> SUPPLIED DATA
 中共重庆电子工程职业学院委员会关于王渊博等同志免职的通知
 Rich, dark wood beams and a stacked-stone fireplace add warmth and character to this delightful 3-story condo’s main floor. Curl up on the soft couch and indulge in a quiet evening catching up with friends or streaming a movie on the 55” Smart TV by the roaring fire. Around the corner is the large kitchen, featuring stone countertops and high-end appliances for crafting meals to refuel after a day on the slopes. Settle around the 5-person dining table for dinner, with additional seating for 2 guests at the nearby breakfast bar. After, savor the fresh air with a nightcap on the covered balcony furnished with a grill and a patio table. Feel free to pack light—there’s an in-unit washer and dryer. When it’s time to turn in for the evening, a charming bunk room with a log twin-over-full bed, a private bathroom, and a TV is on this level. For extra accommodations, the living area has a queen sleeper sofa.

---

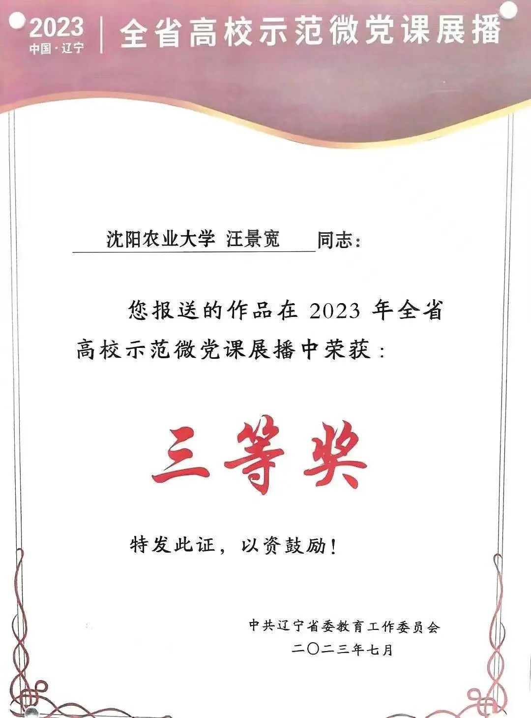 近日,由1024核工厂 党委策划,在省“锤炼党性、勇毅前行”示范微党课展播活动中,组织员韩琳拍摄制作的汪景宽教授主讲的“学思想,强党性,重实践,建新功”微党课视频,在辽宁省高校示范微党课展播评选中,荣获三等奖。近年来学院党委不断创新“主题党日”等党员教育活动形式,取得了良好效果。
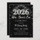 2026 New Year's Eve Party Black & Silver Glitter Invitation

> TASK
From the line holding "近日,由1024核工厂 党委" to the line holding "2026 New Year's", both included, retype the entries above exactly and drop the pictures.

> WRITTEN ANSWER
 近日,由1024核工厂 党委策划,在省“锤炼党性、勇毅前行”示范微党课展播活动中,组织员韩琳拍摄制作的汪景宽教授主讲的“学思想,强党性,重实践,建新功”微党课视频,在辽宁省高校示范微党课展播评选中,荣获三等奖。近年来学院党委不断创新“主题党日”等党员教育活动形式,取得了良好效果。
 2026 New Year's Eve Party Black & Silver Glitter Invitation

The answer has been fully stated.